20 KiB
Create a machine learning model with Bash
Bash, Tcsh, or Zsh can help you get ready for machine learning. ![bash logo on green background][1]
[Machine learning][2] is a powerful computing capability for predicting or forecasting things that conventional algorithms find challenging. The machine learning journey begins with collecting and preparing data—a lot of it—then it builds mathematical models based on that data. While multiple tools can be used for these tasks, I like to use the [shell][3].
A shell is an interface for performing operations using a defined language. This language can be invoked interactively or scripted. The concept of the shell was introduced in [Unix][4] operating systems in the 1970s.
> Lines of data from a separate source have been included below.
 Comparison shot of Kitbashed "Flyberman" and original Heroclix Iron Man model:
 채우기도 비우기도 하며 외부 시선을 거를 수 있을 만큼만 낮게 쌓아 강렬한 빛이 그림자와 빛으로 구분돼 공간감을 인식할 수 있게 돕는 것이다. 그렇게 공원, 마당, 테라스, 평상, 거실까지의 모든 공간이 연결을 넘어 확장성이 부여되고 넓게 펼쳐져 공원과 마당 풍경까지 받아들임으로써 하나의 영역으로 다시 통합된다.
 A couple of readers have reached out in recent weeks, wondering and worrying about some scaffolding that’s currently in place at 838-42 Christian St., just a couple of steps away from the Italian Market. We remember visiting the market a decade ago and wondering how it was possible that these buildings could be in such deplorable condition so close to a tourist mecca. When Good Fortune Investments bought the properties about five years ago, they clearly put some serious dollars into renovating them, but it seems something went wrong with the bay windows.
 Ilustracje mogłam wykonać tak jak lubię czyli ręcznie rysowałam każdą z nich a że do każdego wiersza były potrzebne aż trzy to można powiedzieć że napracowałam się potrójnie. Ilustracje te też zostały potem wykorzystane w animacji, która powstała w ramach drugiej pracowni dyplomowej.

Some of the most popular shells include [Bash][5], [tcsh][6], and [Zsh][7]. They are available for all operating systems, including Linux, macOS, and Windows, which gives them high portability. For this exercise, I'll use Bash.
This article is an introduction to using a shell for data collection and data preparation. Whether you are a data scientist looking for efficient tools or a shell expert looking at using your skills for machine learning, I hope you will find valuable information here.
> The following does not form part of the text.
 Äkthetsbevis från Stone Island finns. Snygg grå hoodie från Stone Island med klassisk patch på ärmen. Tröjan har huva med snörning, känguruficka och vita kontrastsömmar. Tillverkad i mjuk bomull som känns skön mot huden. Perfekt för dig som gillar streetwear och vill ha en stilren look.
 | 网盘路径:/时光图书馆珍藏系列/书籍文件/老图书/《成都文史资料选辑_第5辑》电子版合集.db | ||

The example problem in this article is creating a machine learning model to forecast temperatures for US states. It uses shell commands and scripts to do the following data collection and data preparation steps:
- Download data
- Extract the necessary fields
- Aggregate data
- Make time series
- Create the train, test, and validate data sets
You may be asking why you should do this with shell, when you can do all of it in a machine learning programming language such as [Python][8]. This is a good question. If data processing is performed with an easy, friendly, rich technology like a shell, a data scientist focuses only on machine learning modeling and not the details of a language.
Prerequisites
First, you need to have a shell interpreter installed. If you use Linux or macOS, it will already be installed, and you may already be familiar with it. If you use Windows, try [MinGW][9] or [Cygwin][10].
For more information, see:
- [Bash tutorials][11] here on opensource.com
- The official [shell scripting tutorial][12] by Steve Parker, the creator of Bourne shell
- The [Bash Guide for Beginners][13] by the Linux Documentation Project
- If you need help with a specific command, type
<commandname> --help
in the shell for help; for example:ls --help
.
Get started
Now that your shell is set up, you can start preparing data for the machine learning temperature-prediction problem.
1. Download data
The data for this tutorial comes from the US National Oceanic and Atmospheric Administration (NOAA). You will train your model using the last 10 complete years of data. The data source is at https://www1.ncdc.noaa.gov/pub/data/ghcn/daily/by_year/, and the data is in .csv format and gzipped.
Download and unzip the data using a [shell script][14]. Use your favorite text editor to create a file named download.sh
and paste in the code below. The comments in the code explain what the commands do:
#!/bin/sh
# This is called hashbang. It identifies the executor used to run this file.
# In this case, the script is executed by shell itself.
# If not specified, a program to execute the script must be specified.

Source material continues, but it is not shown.